Evaluate
$$I=\int_{-1}^{1} \frac{1}{(1+x^4)\sqrt{1-x^2}}dx$$
by integrating along the following complex contour:
When we take $R\rightarrow 1$ and $ε\rightarrow 0$, the contour integral itself will be $2πi$ times the sum of the 4 residues of the function, which we can get easily enough using L'Hopital's rule, or factorising $1+x^4$ and so on. My real trouble comes when we consider the lower integral along the real line,
$$\int_{1}^{-1} \frac{1}{(1+x^4)\sqrt{1-x^2}}=\int_{1}^{-1} \frac{1}{(1+x^4)\sqrt{1-xe^{2πi}}\sqrt{1+xe^{2πi}}}$$
Where I have included $e^{2πi}$ explicitly since it's the lower path. My intuition is telling me that this piece of the contour shouldn't just be the same as the piece above because of this $e^{2πi}$ inside the square root. Furthermore, if it were the exact same then the two pieces would cancel exactly…
So how we can we separate out the 'effects' of this $e^{2πi}$ to get this piece in the form of constant * $I$?
Best Answer
To evaluate this integral by means of the residue theorem, we have to create a closed contour, inside which the integrand is a single-valued function. For this purpose we also make necessary cuts. In your case the best option is the usage of a dogbone contour with the cut from $-1$ to $1$, but for the sake of simplicity we can preliminary modify the integral a bit. $$I=\int_{-1}^{1} \frac{1}{(1+t^4)\sqrt{1-t^2}}dt\overset{t^2=x}{=}\int_0^1\frac1{1+x^2}\frac{dx}{\sqrt{x(1-x)}}$$ This substitution will allow us to evaluate only two residues (at $x=\pm i$) instead of four of the initial integral.

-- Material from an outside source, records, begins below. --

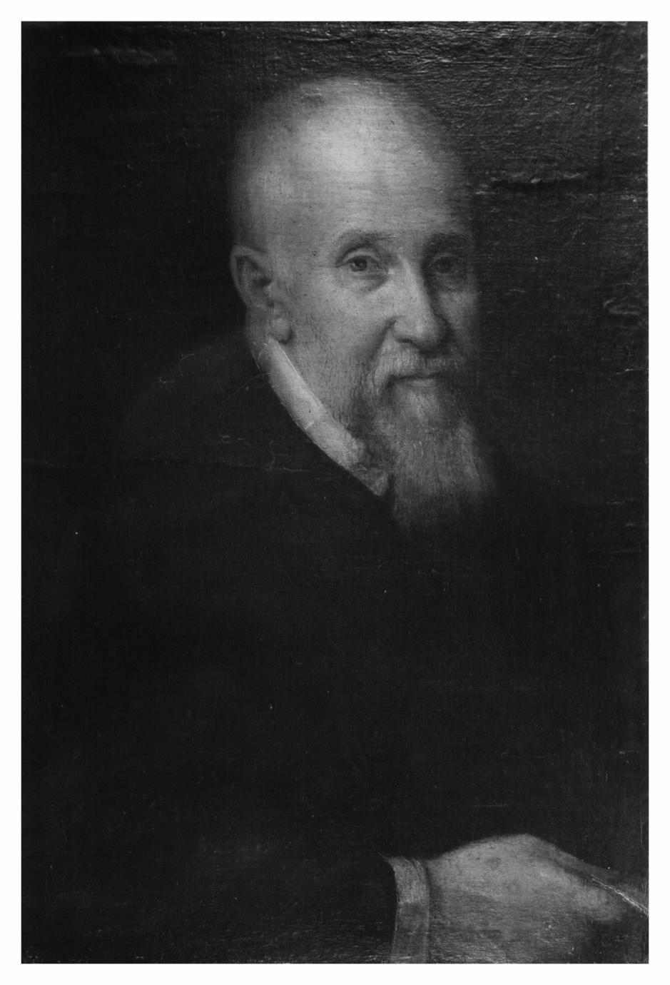 - NOTIZIE STORICO CRITICHE Acquisito dal museo con l'attribuzione a scuola fiorentina, è stato riferito ad ambito emiliano dal Pallucchini (1945). Pubblicato da Ghiraldi (1990) come probabile opera di Cesare Aretusi, il dipinto, nonostante una certa acutezza, non sembra avere la stessa qualità pittorica del "Cesare I d'Este" esposto in Galleria, né trova confronti negli astanti del "Miracolo di Sab Gregorio Magno" in cui il pittore bolognese dà prova delle sue capacità ritrattistiche. L'opera, che per fattura può ascriversi ad ambito emiliano, va datato intorno alla fine del Cinquecento per la foggia dell'abito: il colore scuro e lo stretto colletto bianco, ancora lontano dalle ricche gorgiere seicentesche, rimandano piuttosto alla cultura controriformista. Attualmente la tela è sottoposta ad un intervento di consolidamento della pellicola pittorica, localizzato in quattro punti sullo sfondo e in corrispondenza dell'abito dell'effigiato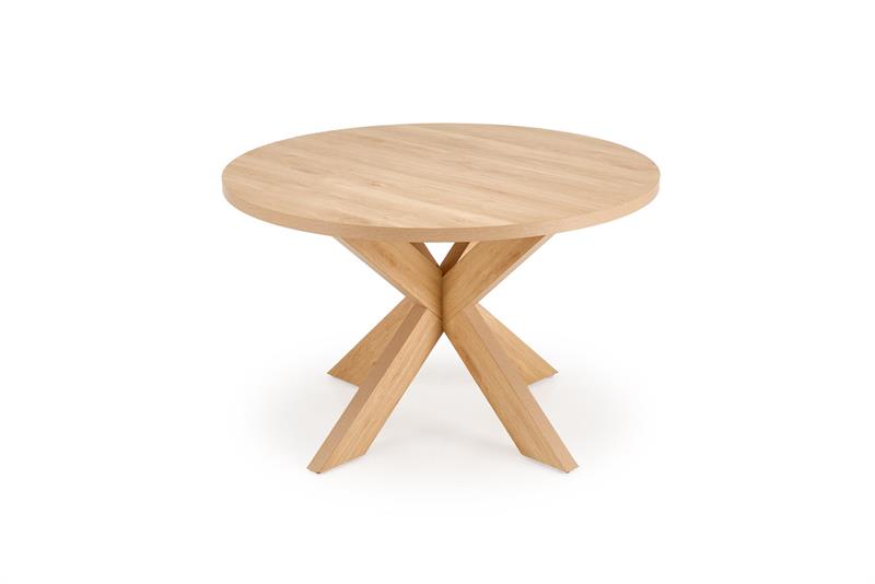Stół Morus to elegancki i funkcjonalny mebel, który doskonale sprawdzi się w nowoczesnych oraz klasycznych wnętrzach. Jego okrągły blat wykonany jest z MDF-u okleinowanego melaminą, co zapewnia trwałość i odporność na codzienne użytkowanie. Naturalny kolor blatu podkreśla ciepły, minimalistyczny charakter stołu, nadając mu uniwersalny wygląd pasujący do różnych aranżacji.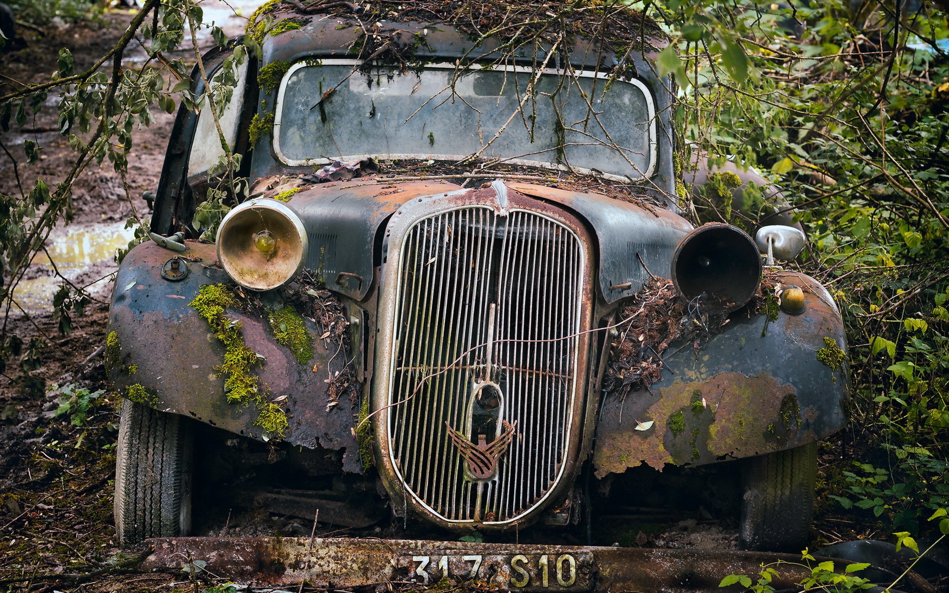 Alles vergessene alte Frau, die mit Moos bedeckt ist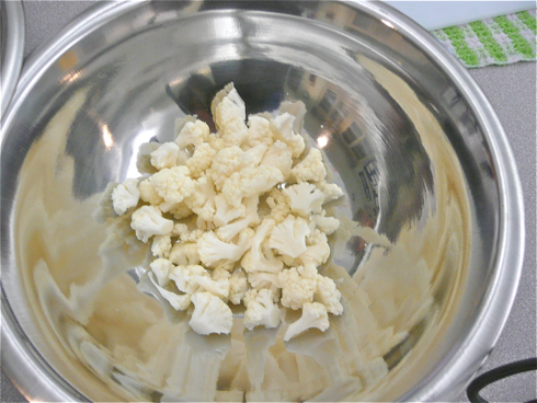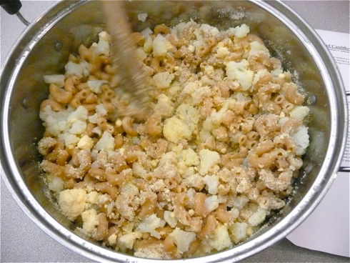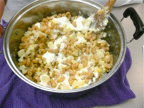 Once the pasta was cooked, the cauliflower cut up and the cheese grated, we stirred in some (pre-grated) parmesan…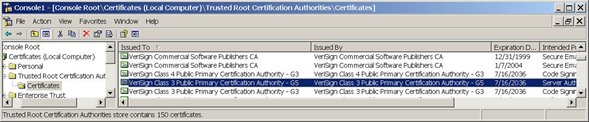 Issued to: VeriSign Class 3 Public Primary Certification Authority - G5
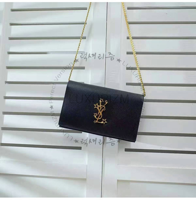 [스폐셜오더]SAINT LAURENT-447933 생로랑 블랙 인터로킹 스타 YSL 시그니처 모노그램 체인 플랩 프론트 지갑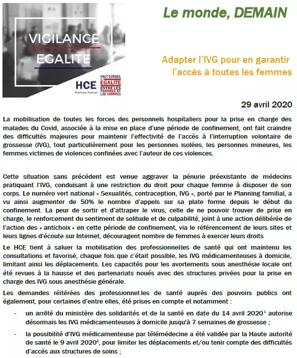 Avis de vigilance - Garantir l’accès à l’IVG à toutes les femmes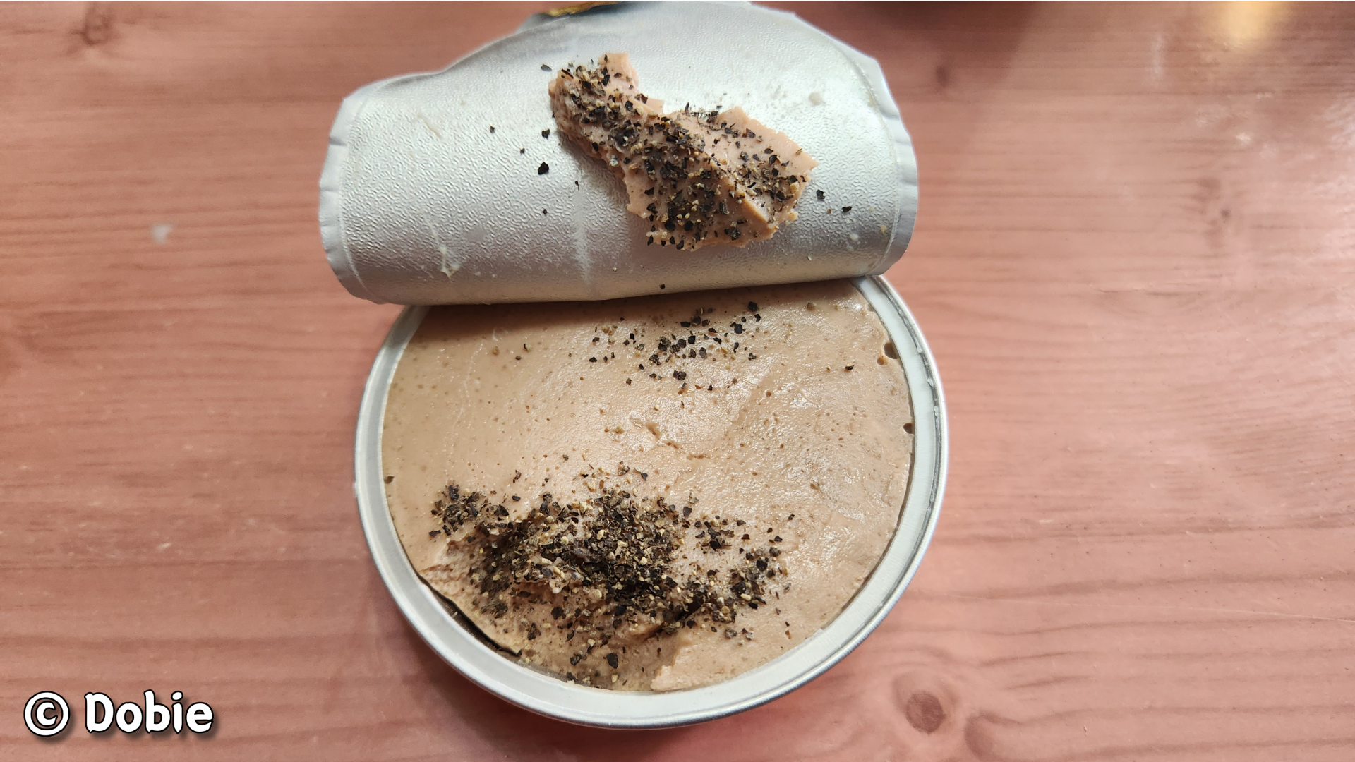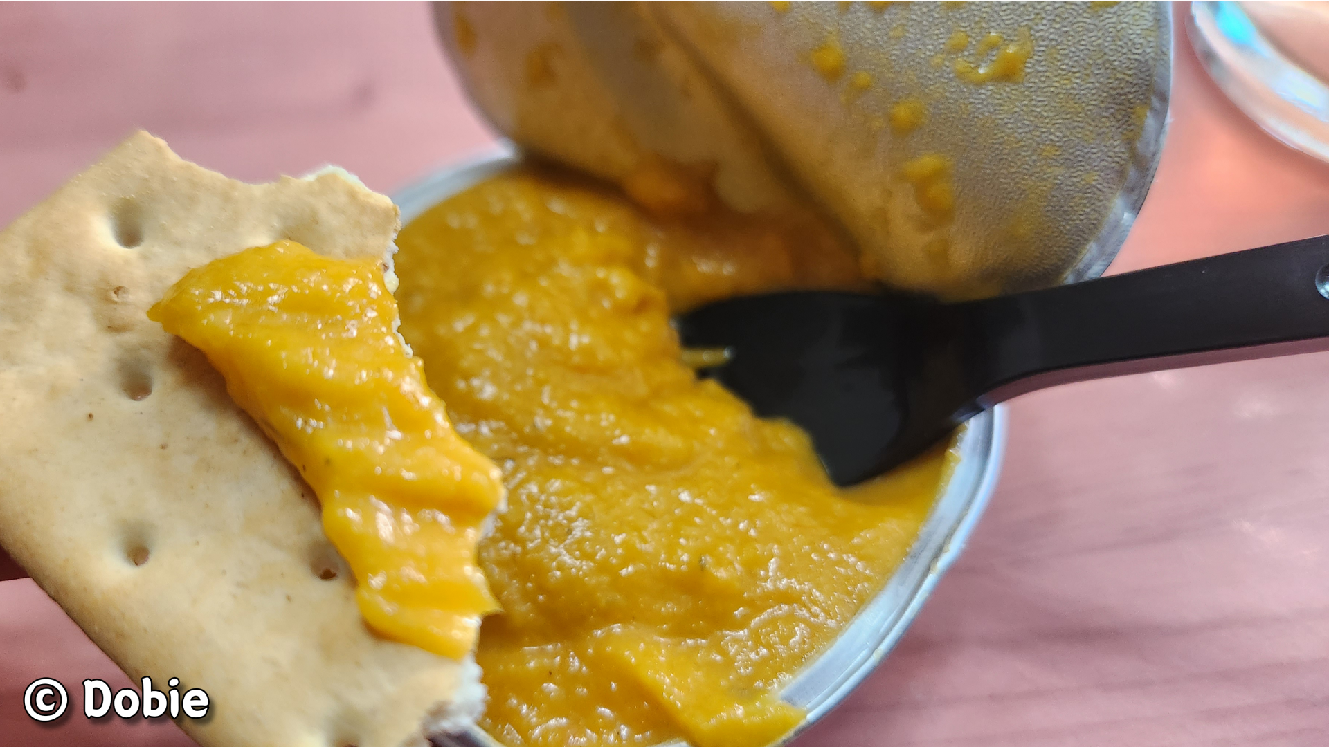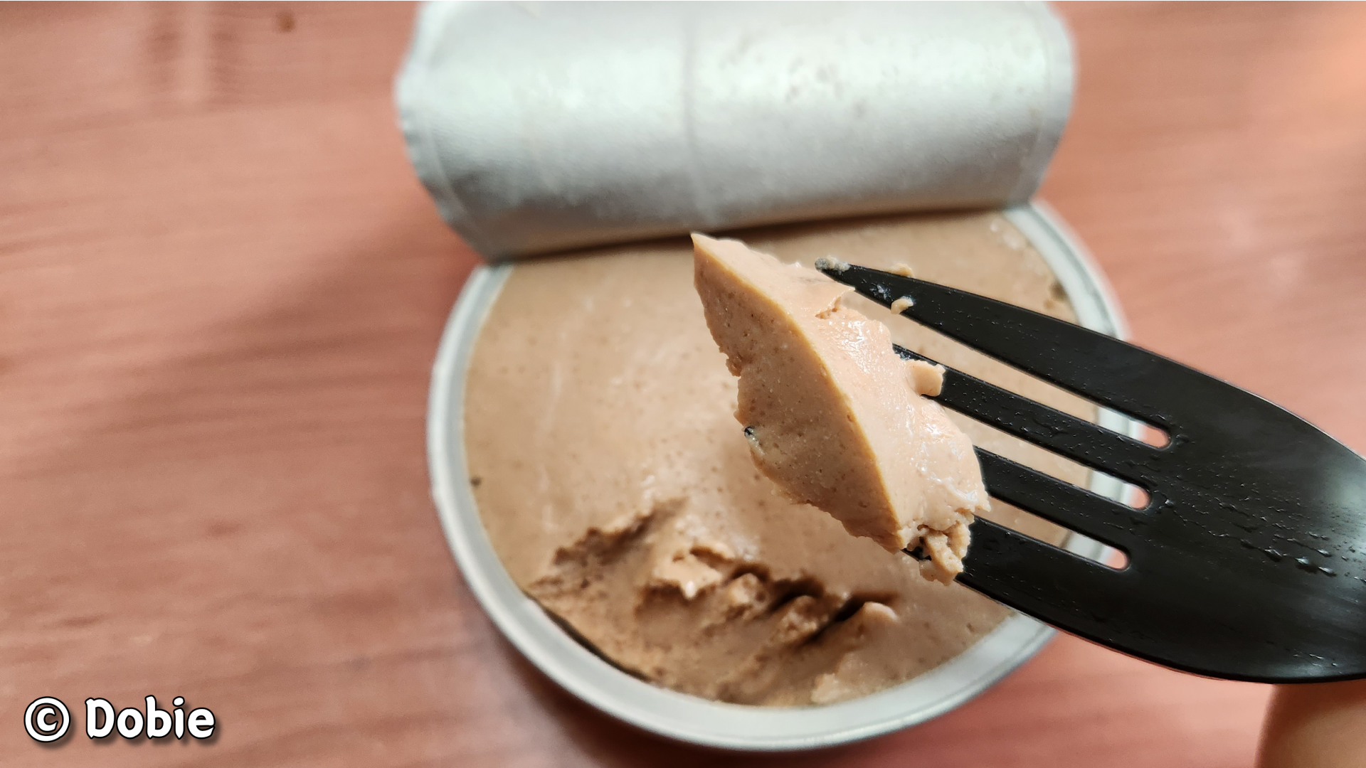파테는 이전에 스페인군 전투식량에서 먹었던 것과는 다르게 촉촉하고 푸딩 같은 느낌이 들었지만 향신료향은 별로 나지 않고 비린 향이 많이 났습니다. 또한 성분표를 번역해 보니 돼지 간 파테가 아니라 소 간 파테였습니다. 이게 돼지와 소의 차이 인지, 아니면 단순히 제조 과정에 있어 차이인지는 모르겠지만 식감은 많이 차이가 나 보였습니다. 저는 너무 비려서 이 상태로는 먹을 수 없었습니다...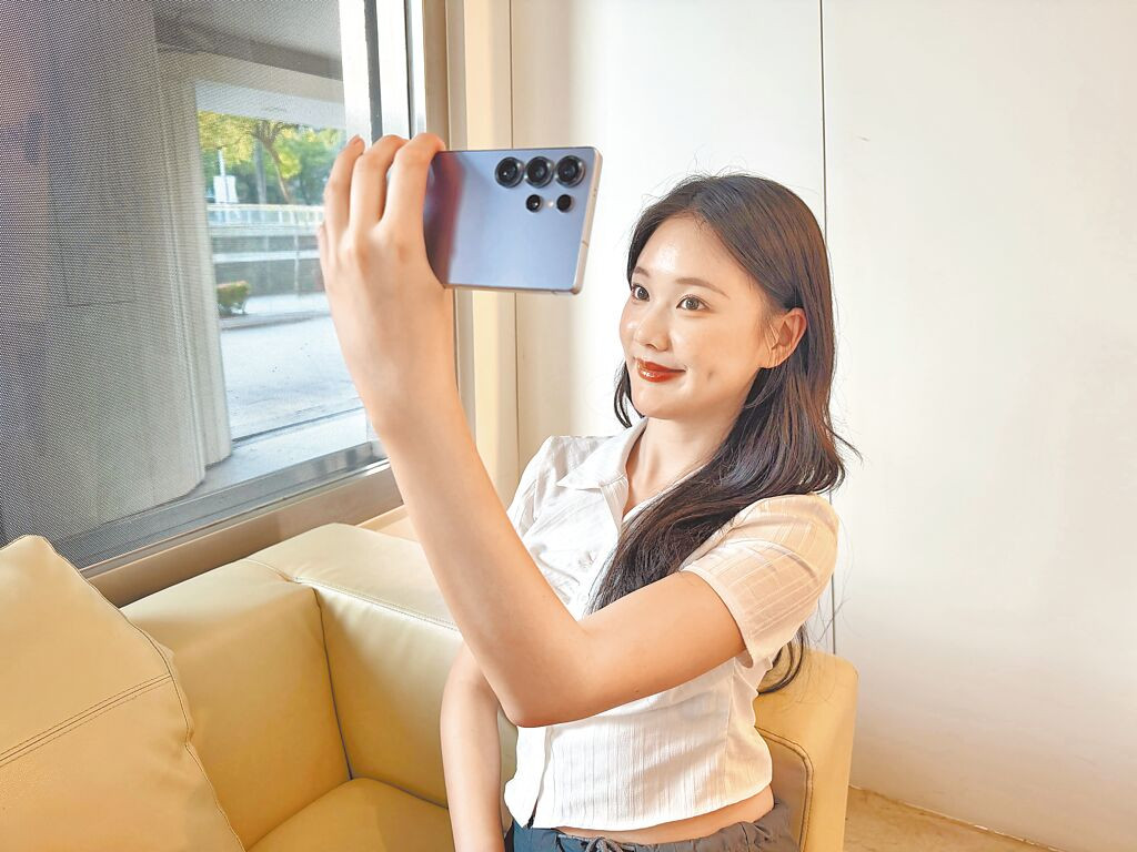 伊林模特兒林玟萱體驗三星Galaxy S25 Ultra。(古明弘攝)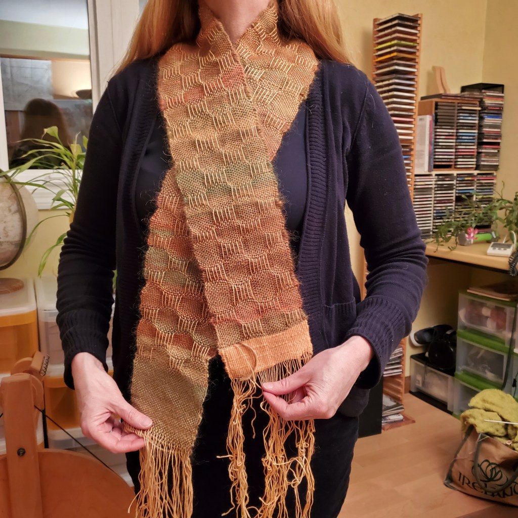 I just took this off the loom (hence all the threads hanging off it and messy borders). It’s not a scarf – it’s too short and not comfortable. I’m just modeling it.

We also note that the integral along the dogbone contour (clockwise) with the cut $[0;1]$ gives us $2I$ (the integrals along the arches around $x=0$ and $x=$ tend to zero). Now we consider the integral along the following closed contour $C$:
We added a big circle with the radius $R\to\infty$ and a path $1$, which links the dogbone contour with this circle. Inside the contour the function is single-valued.
Therefore, $$\oint_C\frac1{1+x^2}\frac{dx}{\sqrt{x(1-x)}}=2I+I_1-I_1+I_R=2\pi i\underset{x=e^{\frac{\pi i}2}; \,e^{\frac{3\pi i}2}}{\operatorname{Res}}\frac1{1+x^2}\frac1{\sqrt{x(1-x)}}$$ The integral $I_R\to 0$ as $R\to\infty$, and integrals along the path $1$ cancel each other (we integrate twice, in the opposite directions). $$I=\pi i\underset{x=e^{\frac{\pi i}2}; \,e^{\frac{3\pi i}2}}{\operatorname{Res}}\frac1{(x+i)(x-i)}\frac1{\sqrt{x(1-x)}}=\pi i\left(\frac1{2i}\frac1{\sqrt{e^{\frac{\pi i}2}(1-e^{\frac{\pi i}2})}}-\frac1{2i}\frac1{\sqrt{e^{\frac{3\pi i}2}(1-e^{\frac{3\pi i}2})}}\right)$$ $$=\frac\pi2\left(e^{-\frac{\pi i}4}(1-i)^{-1/2}+e^{\frac{\pi i}4}(1+i)^{-1/2}\right)=\frac\pi{\sqrt2}\Re \,e^{-\frac{\pi i}4}\sqrt{1+i}$$ $$\boxed{\,\,I=\frac\pi22^\frac34\cos\frac\pi8=\frac\pi2\sqrt{1+\sqrt2}\,\,}$$